2012年の初振りはスコットのカーボンロッドでした。

場所が高いところで、ちょっと風もあったので、今までに振ったことのないカーボンをと思い、

昔の、と言っても一度も使用されたことのないロッドですが、G883を繋いで見ました。

しかしこの艶かしさはいったいどこから来るのでしょうか。

爬虫類と言うか、団子虫の節と言うか、不思議で独特のオーラを放っています。

同じアンサンドでもOrvisとは違いますね。




スコット社(Scott PoweR-Ply Company)についてはご存知の方が非常に多いかと思います。

現在はコロラドに本社がありますが、もとはウェストコーストがサンフランシスコの会社で、

1974年に当時62歳であったハリー・ウィルソン(Harry Wilson)が設立しました。

Scottは彼の息子の名前、PoweR-Plyはハリーが作ろうとしていたリールの名称で、

もしかするとSeamasterのようなリールを主体とした会社になっていたかもしれません。

それはさておき、彼はCalifornia Institute of Technology(カルフォルニア工科大学)

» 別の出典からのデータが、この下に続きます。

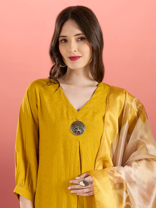 MRP (Inclusive of all taxes)Regular price ₹ 2,499.00₹ 2,499.00 Regular priceUnit price / per₹ 6,399.00Sale priceM L XL 2XL 3XL add to cartSale{"id":7714868559958,"title":"Solid Floral Embroidered A-Line Kurta with Palazzo and Dupatta - Mustard","handle":"solid-floral-embroidered-a-line-kurta-with-palazzo-and-dupatta-mustard","description":"\u003ch1\u003eHighlights\u003c\/h1\u003e\n\u003cp\u003e\u003cbr\u003e\u003cbr\u003e-A radiant ensemble that blends richness with refined elegance. Crafted from a luxurious silk-blend fabric, the A-line kurta features delicate floral embroidery and a flattering V-neckline. Paired with sleek solid palazzos for effortless grace and a beautifully printed dupatta that adds a splash of artistry, this set brings together tradition and contemporary charm in the most stunning way.\u003c\/p\u003e\n\u003ch1\u003e\n\u003cbr\u003eFabric \u0026amp; Colour\u003c\/h1\u003e\n\u003cp\u003e\u003cbr\u003eTop Colour: Mustard\u003cbr\u003eTop Fabric: Silk Blend\u003cbr\u003eBottom Colour: Mustard\u003cbr\u003eBottom Fabric: Muslin Silk\u003cbr\u003eDupatta Colour: Mustard\u003cbr\u003eDupatta Fabric: Organza\u003c\/p\u003e\n\u003ch1\u003eSpecifications\u003c\/h1\u003e\n\u003cp\u003e\u003cbr\u003eTop Design: Solid\u003cbr\u003eTop Craft: Plain and Prints\u003cbr\u003eTop Shape: A-line\u003cbr\u003eNeck: V-Neck\u003cbr\u003eSleeve Length: Three-Quarter Sleeves\u003cbr\u003eTop Length: Calf Length\u003cbr\u003eHemline: Flared\u003cbr\u003e\u003c\/p\u003e\n\u003cp\u003eBottom Type: Palazzos\u003cbr\u003eBottom Closure: Slip-On\u003cbr\u003eWaistband: Elasticated\u003c\/p\u003e\n\u003cp\u003eDupatta Pattern: Printed\u003cbr\u003eDupatta Border: Tassels\u003c\/p\u003e\n\u003cp\u003eWash Care: Hand Wash\u003c\/p\u003e\n\u003cp\u003eLength (in inches)\u003cbr\u003eKurta – 44, Sleeves – 17,\u003cbr\u003eBottom – 40\u003c\/p\u003e\n\u003cp\u003eModel’s Height: 5’7”. Wearing Size S.\u003c\/p\u003e\n\u003ch1\u003eProduct Information\u003c\/h1\u003e\n\u003cp\u003e\u003cbr\u003eManufactured\/Packed\/Marketed By:\u003cbr\u003eFashor Lifestyle Pvt. Ltd.\u003cbr\u003e28\/30, Sudarshanpura Industrial Area,\u003cbr\u003eJaipur - 302006.\u003cbr\u003eCountry of Origin: India\u003c\/p\u003e","published_at":"2025-11-26T12:29:44+05:30","created_at":"2025-11-21T11:46:48+05:30","vendor":"FASHOR","type":"3P Kurta Set","tags":["2001-3000","2XL","33580","3XL","All Styles","colour_mustard","craft_plain-and-prints","design_solid","fabric_silk-blend","KURTI","kurtis","L","M","meta-size-chart-","now-trending","occasionwear","shape_a-line","XL"],"price":249900,"price_min":249900,"price_max":249900,"available":true,"price_varies":false,"compare_at_price":639900,"compare_at_price_min":639900,"compare_at_price_max":639900,"compare_at_price_varies":false,"variants":[{"id":43663221850198,"title":"M","option1":"M","option2":null,"option3":null,"sku":"38-ST033580J5FS","requires_shipping":true,"taxable":true,"featured_image":{"id":35687001718870,"product_id":7714868559958,"position":1,"created_at":"2025-11-21T11:47:17+05:30","updated_at":"2025-11-21T11:47:19+05:30","alt":null,"width":1080,"height":1440,"src":"\/\/fashor.com\/cdn\/shop\/files\/32800_1.jpg?v=1763705839","variant_ids":[43663221850198,43663221882966,43663221915734,43663221948502,43663221981270]},"available":true,"name":"Solid Floral Embroidered A-Line Kurta with Palazzo and Dupatta - Mustard - M","public_title":"M","options":["M"],"price":249900,"weight":0,"compare_at_price":639900,"inventory_quantity":2,"inventory_management":"shopify","inventory_policy":"deny","barcode":"","featured_media":{"alt":null,"id":27770392641622,"position":1,"preview_image":{"aspect_ratio":0.75,"height":1440,"width":1080,"src":"\/\/fashor.com\/cdn\/shop\/files\/32800_1.jpg?v=1763705839"}},"requires_selling_plan":false,"selling_plan_allocations":[],"quantity_rule":{"min":1,"max":null,"increment":1}},{"id":43663221882966,"title":"L","option1":"L","option2":null,"option3":null,"sku":"40-ST033580J5FS","requires_shipping":true,"taxable":true,"featured_image":{"id":35687001718870,"product_id":7714868559958,"position":1,"created_at":"2025-11-21T11:47:17+05:30","updated_at":"2025-11-21T11:47:19+05:30","alt":null,"width":1080,"height":1440,"src":"\/\/fashor.com\/cdn\/shop\/files\/32800_1.jpg?v=1763705839","variant_ids":[43663221850198,43663221882966,43663221915734,43663221948502,43663221981270]},"available":true,"name":"Solid Floral Embroidered A-Line Kurta with Palazzo and Dupatta - Mustard - L","public_title":"L","options":["L"],"price":249900,"weight":0,"compare_at_price":639900,"inventory_quantity":5,"inventory_management":"shopify","inventory_policy":"deny","barcode":"","featured_media":{"alt":null,"id":27770392641622,"position":1,"preview_image":{"aspect_ratio":0.75,"height":1440,"width":1080,"src":"\/\/fashor.com\/cdn\/shop\/files\/32800_1.jpg?v=1763705839"}},"requires_selling_plan":false,"selling_plan_allocations":[],"quantity_rule":{"min":1,"max":null,"increment":1}},{"id":43663221915734,"title":"XL","option1":"XL","option2":null,"option3":null,"sku":"42-ST033580J5FS","requires_shipping":true,"taxable":true,"featured_image":{"id":35687001718870,"product_id":7714868559958,"position":1,"created_at":"2025-11-21T11:47:17+05:30","updated_at":"2025-11-21T11:47:19+05:30","alt":null,"width":1080,"height":1440,"src":"\/\/fashor.com\/cdn\/shop\/files\/32800_1.jpg?v=1763705839","variant_ids":[43663221850198,43663221882966,43663221915734,43663221948502,43663221981270]},"available":true,"name":"Solid Floral Embroidered A-Line Kurta with Palazzo and Dupatta - Mustard - XL","public_title":"XL","options":["XL"],"price":249900,"weight":0,"compare_at_price":639900,"inventory_quantity":4,"inventory_management":"shopify","inventory_policy":"deny","barcode":"","featured_media":{"alt":null,"id":27770392641622,"position":1,"preview_image":{"aspect_ratio":0.75,"height":1440,"width":1080,"src":"\/\/fashor.com\/cdn\/shop\/files\/32800_1.jpg?v=1763705839"}},"requires_selling_plan":f

で航空工学を学び、なんとUniversity of Chicago (シカゴ大学)でマーケティングを専攻して

MBAを取得します。

彼は技術者としては当時既に成功しており、技術もビジネスもわかるスーパーマンだったわけです。

そこに最初の働き手としてラリー・ケニー(Larry Kenny)が参加します。

ハリーは独特のフレックス・フェルール(スピゴットフェルール/いわゆる印籠繋ぎですね)

を開発し、このラリーとのコンビで素晴らしいグラスロッドを世に送り出し、

数年のうちにScott社を大きく成長させます。

同社はもともとハリーの倉庫でロッドを仕上げていたようなメーカーでしたから、

フライロッドのApple社と言えるかもしれません。

話を端折りますが、ハリーは脳卒中で1986年に倒れ、車椅子生活を余儀なくされます。

87年には、ハリーは所有する株式を第三者に譲渡(フォード自動車)します。

したがって87年以降はパートナーであったラリーが会社の切り盛りをしていきます。

しかしそのラリーも1993年に持ち株を手放し、1996年まで取締役として残ったものの、

経営の一線から外れる事になります。

Scott社を新たに率いているのは80年代から同社に勤めているジム・バーチー(Jim Bartschii.)です。

以上の話はVictor JohnsonのFiberglass Fly Rodに書かれており、いろいろな場所で

参照されています。 



さて、ラリー・ケニーによればスコット社のグラスロッドは5つの世代に分類されるそうです。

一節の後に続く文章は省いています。